Begin by noticing that a regular polygon with an odd number of vertices has no perpendicular diagonals. Suppose, if possible, that $u,v,x,y$ are vertices, and $uv$ and $xy$ are perpendicular. Consider the vertex $w$ on the perpendicular bisectrix of the segment $uv$, and its antipode $w^{\prime }$ on the circumcircle. Since the segments $wx$ and $w^{\prime }y$ have equal lengths, and $w,x,y$ are vertices of the regular polygon, so is $w^{\prime }$, contradicting the fact that a regular polygon with an odd number of vertices contains no pair of antipodes on the circumcircle.

Since the maximum number of pairwise non-crossing diagonals of a convex $k$-gon is $k-3$, this solves the problem if $n$ is odd.

We now show by induction on $n$ that a cyclic $n$-gon has at most $n-2$ pairwise non-crossing or perpendicular diagonals.

The base case $n=3$ holds vacuously, so let $n\ge 4$, assume the upper bound for any cyclic polygon with less than $n$ vertices, and consider a set $S$ of pairwise non-crossing or perpendicular diagonals of a cyclic $n$-gon.

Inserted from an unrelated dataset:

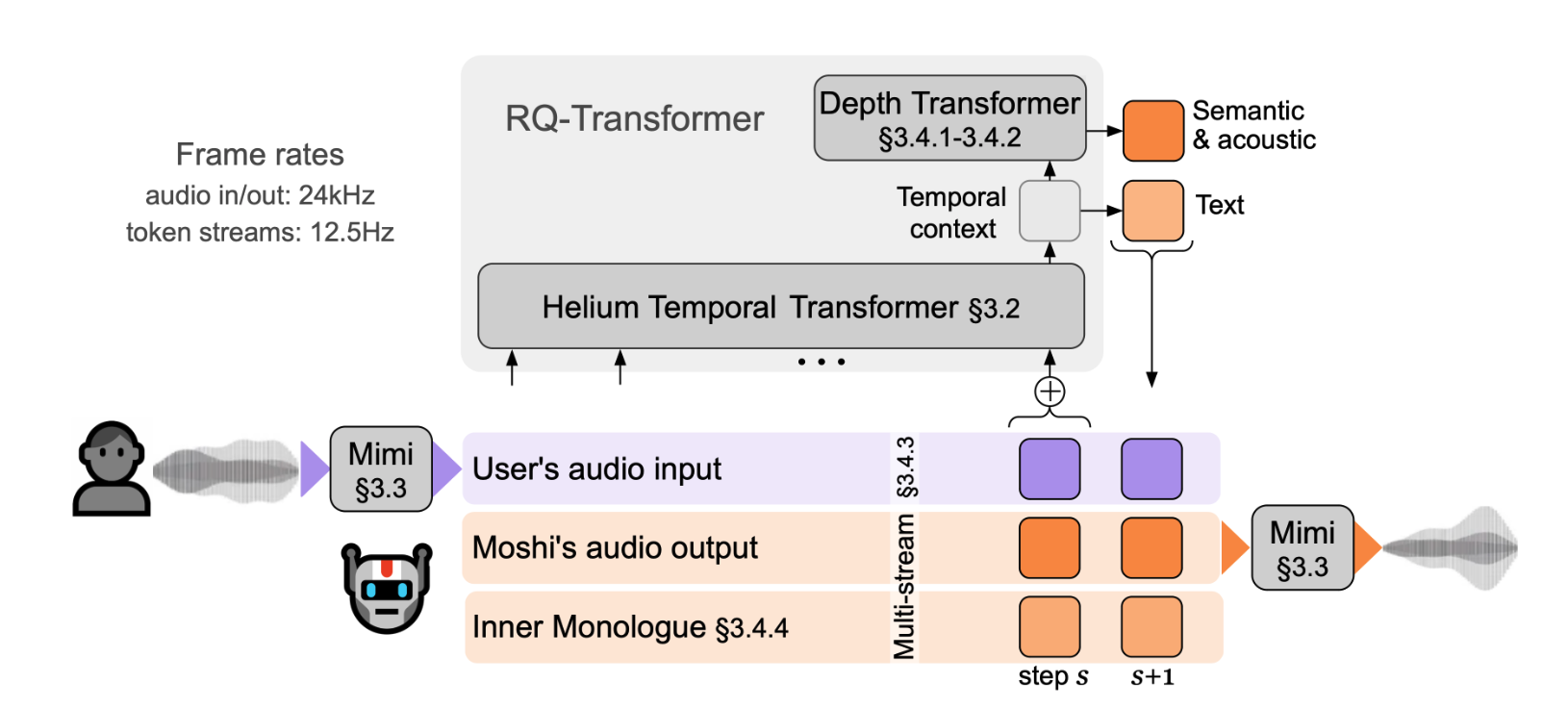 Moshi models two audio streams and a text stream in parallel

Assume first that some diagonal in $S$ is crossed by no other diagonal in $S$. That diagonal splits the $n$-gon into an $\ell$-gon and an $m$-gon, where $\ell +m=n+2$, and splits $S$ into corresponding diagonals of the two. Since one of these polygons, say, the $\ell$-gon, lies in a half-circumdisc, no pair of diagonals of the $\ell$-gon cross orthogonally. Consequently, the diagonals in $S$ joining vertices of the $\ell$-gon are pairwise non-crossing, so there are at most $\ell -3$ such. By the induction hypothesis, the $m$-gon has at most $m-2$ pairwise non-crossing or perpendicular diagonals, so $|S|\le (\ell -3)+(m-2)+1=n-2$.

We are left with the case where each diagonal in $S$ is crossed by, and hence perpendicular to, at least one other diagonal in $S$. Fix two crossing, hence orthogonal, diagonals $d$ and $d^{\prime }$ in $S$. Their endpoints split the circumcircle into four non-overlapping arcs, none of which exceeds a semicircle.

We show that any diagonal in $S$ is parallel to one of these two diagonals. Suppose, if possible, that $\delta$ is a diagonal in $S$ parallel to neither. Then one of the four non-overlapping arcs above contains both endpoints of $\delta$. The diagonal ${\delta }^{\prime }$ in $S$, crossing $\delta$ orthogonally, crosses at least one of $d$ and $d^{\prime }$, and since $\delta$ is parallel to neither, ${\delta }^{\prime }$ is orthogonal to neither – a contradiction.

Consequently, at most two diagonals in $S$ may emanate from a vertex of the $n$-gon. Further, no other diagonal in $S$ may emanate from either vertex of the longest diagonal in $S$ parallel to $d$ — otherwise, such a diagonal would be orthogonally crossed by a longer diagonal in $S$. The same holds for the longest diagonal in $S$ parallel to $d^{\prime }$. To conclude, $|S|\le \frac{1}{2}(2(n-4)+4)=n-2$.